Shown below is a listing with pictures; reproduce exactly, and only, the lines between the ones containing "в разных городах." and "校長は、式辞の中で「中学校は", inclusive, leaving the pictures out.

______

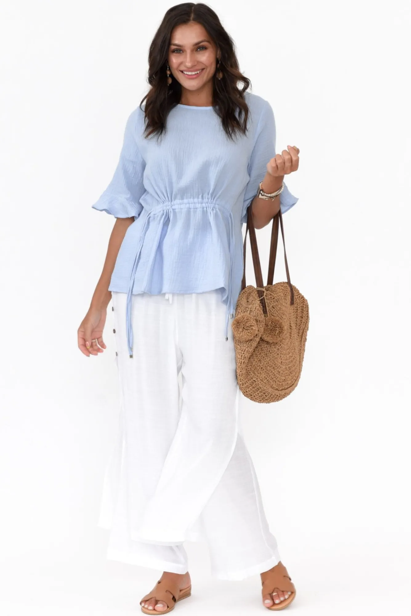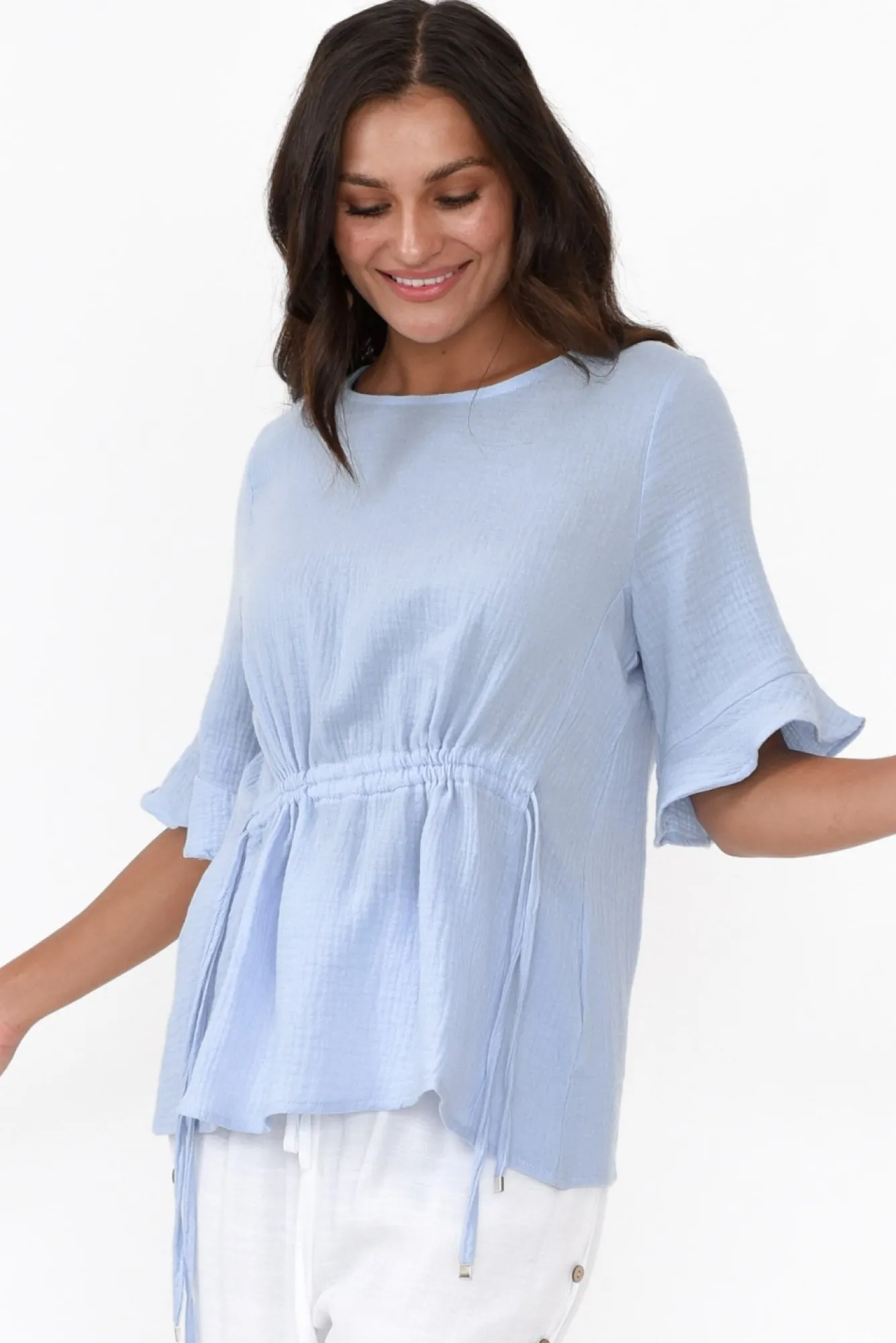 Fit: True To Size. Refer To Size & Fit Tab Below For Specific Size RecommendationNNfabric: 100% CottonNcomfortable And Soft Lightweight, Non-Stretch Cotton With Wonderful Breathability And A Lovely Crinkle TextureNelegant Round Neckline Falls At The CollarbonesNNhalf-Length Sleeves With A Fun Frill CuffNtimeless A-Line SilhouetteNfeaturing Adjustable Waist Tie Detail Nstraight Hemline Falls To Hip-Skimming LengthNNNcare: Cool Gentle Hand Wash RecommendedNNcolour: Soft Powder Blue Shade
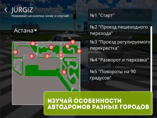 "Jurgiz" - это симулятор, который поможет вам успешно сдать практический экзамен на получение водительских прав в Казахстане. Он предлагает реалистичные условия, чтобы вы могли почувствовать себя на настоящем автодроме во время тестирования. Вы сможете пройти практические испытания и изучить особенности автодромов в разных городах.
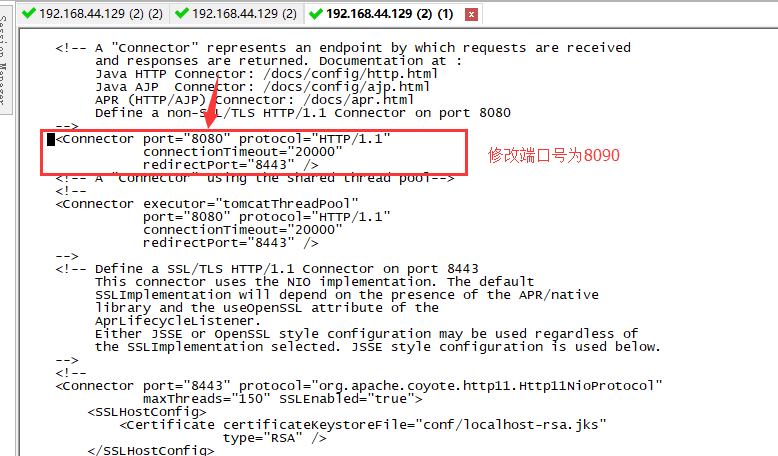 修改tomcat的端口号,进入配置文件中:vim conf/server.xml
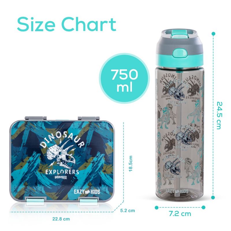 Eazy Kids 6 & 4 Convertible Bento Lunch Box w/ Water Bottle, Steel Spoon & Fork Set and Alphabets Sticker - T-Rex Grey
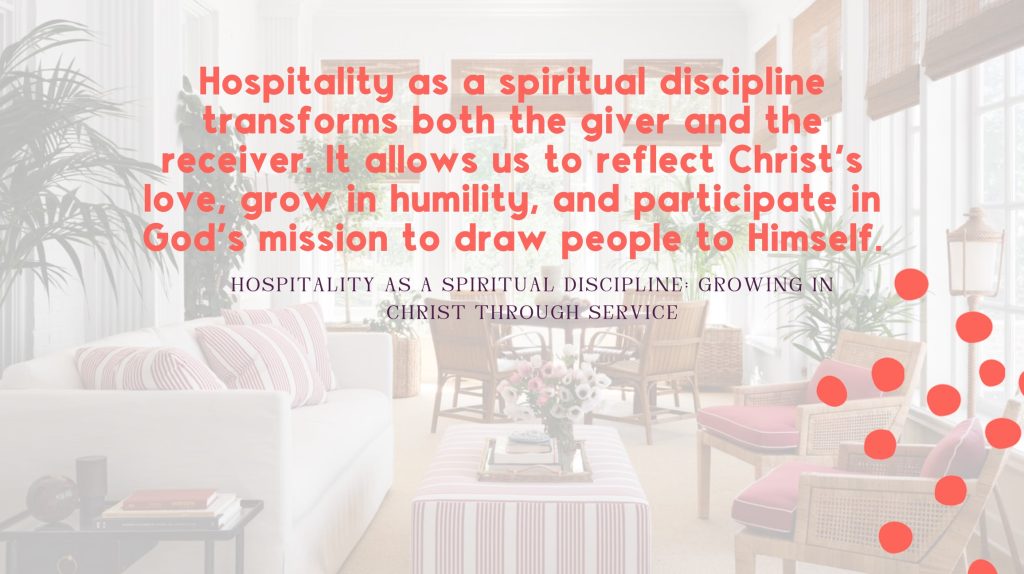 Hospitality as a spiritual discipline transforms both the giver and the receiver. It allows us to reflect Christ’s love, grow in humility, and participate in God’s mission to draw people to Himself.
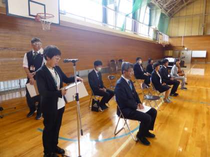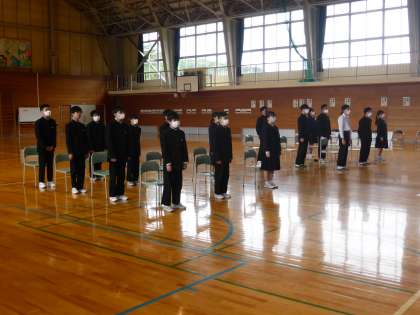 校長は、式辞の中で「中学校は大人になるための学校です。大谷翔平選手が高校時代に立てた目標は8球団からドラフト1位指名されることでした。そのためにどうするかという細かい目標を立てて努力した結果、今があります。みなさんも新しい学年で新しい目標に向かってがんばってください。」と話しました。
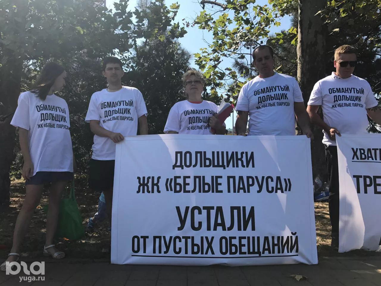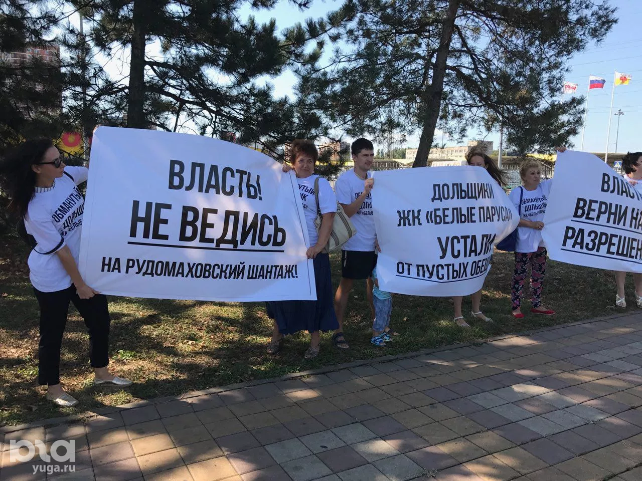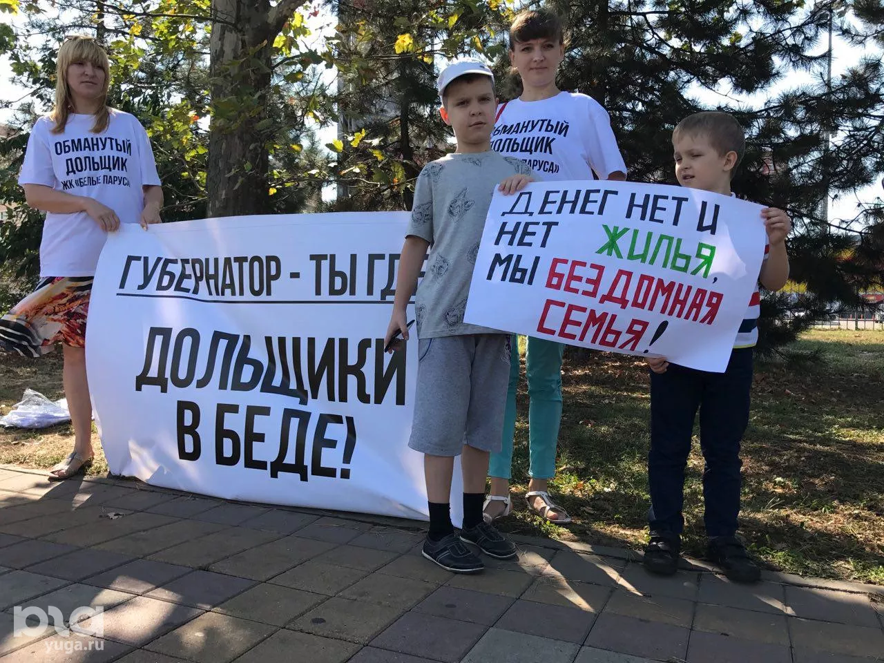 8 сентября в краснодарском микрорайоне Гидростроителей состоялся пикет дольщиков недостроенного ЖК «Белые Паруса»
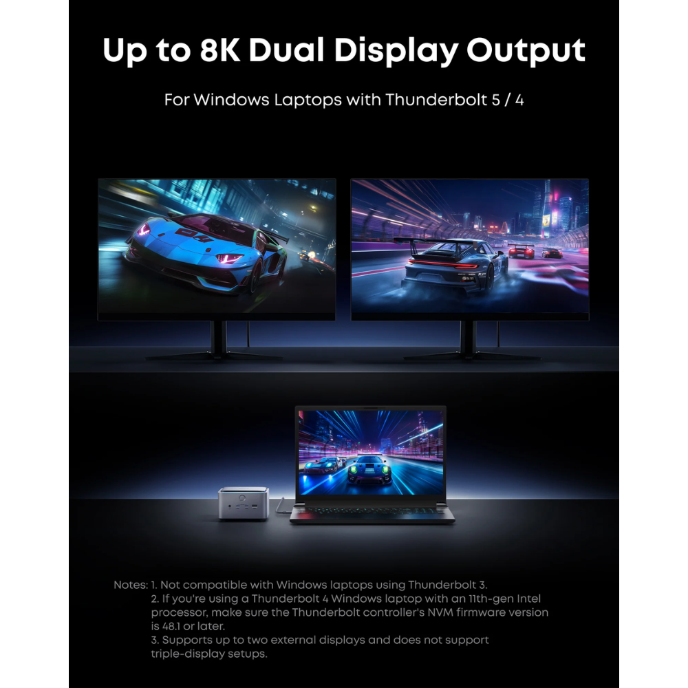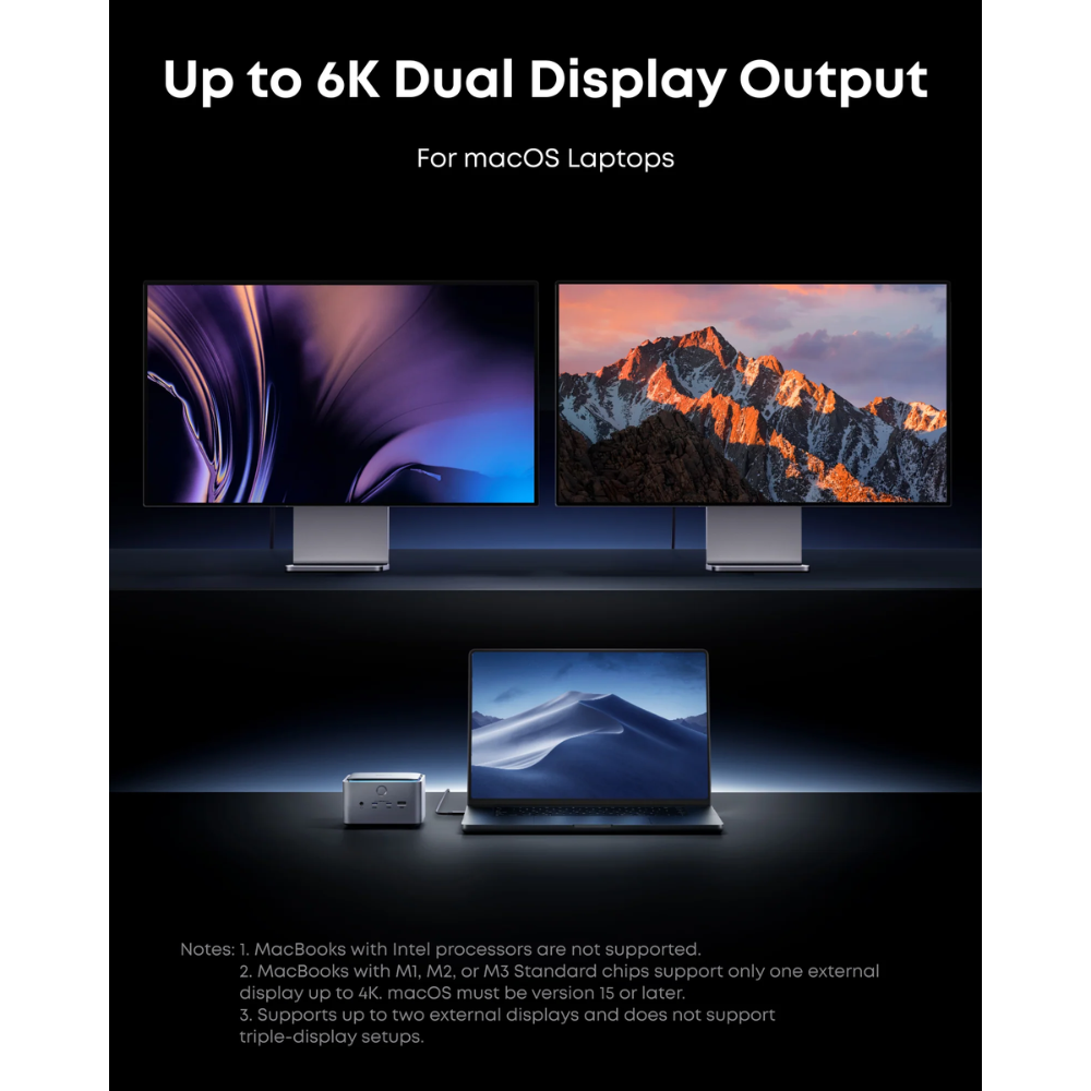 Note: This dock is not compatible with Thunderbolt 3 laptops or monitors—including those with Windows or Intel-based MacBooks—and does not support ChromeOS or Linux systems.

______

■ Written answer
 "Jurgiz" - это симулятор, который поможет вам успешно сдать практический экзамен на получение водительских прав в Казахстане. Он предлагает реалистичные условия, чтобы вы могли почувствовать себя на настоящем автодроме во время тестирования. Вы сможете пройти практические испытания и изучить особенности автодромов в разных городах.
 修改tomcat的端口号,进入配置文件中:vim conf/server.xml
 Eazy Kids 6 & 4 Convertible Bento Lunch Box w/ Water Bottle, Steel Spoon & Fork Set and Alphabets Sticker - T-Rex Grey
 Hospitality as a spiritual discipline transforms both the giver and the receiver. It allows us to reflect Christ’s love, grow in humility, and participate in God’s mission to draw people to Himself.
 校長は、式辞の中で「中学校は大人になるための学校です。大谷翔平選手が高校時代に立てた目標は8球団からドラフト1位指名されることでした。そのためにどうするかという細かい目標を立てて努力した結果、今があります。みなさんも新しい学年で新しい目標に向かってがんばってください。」と話しました。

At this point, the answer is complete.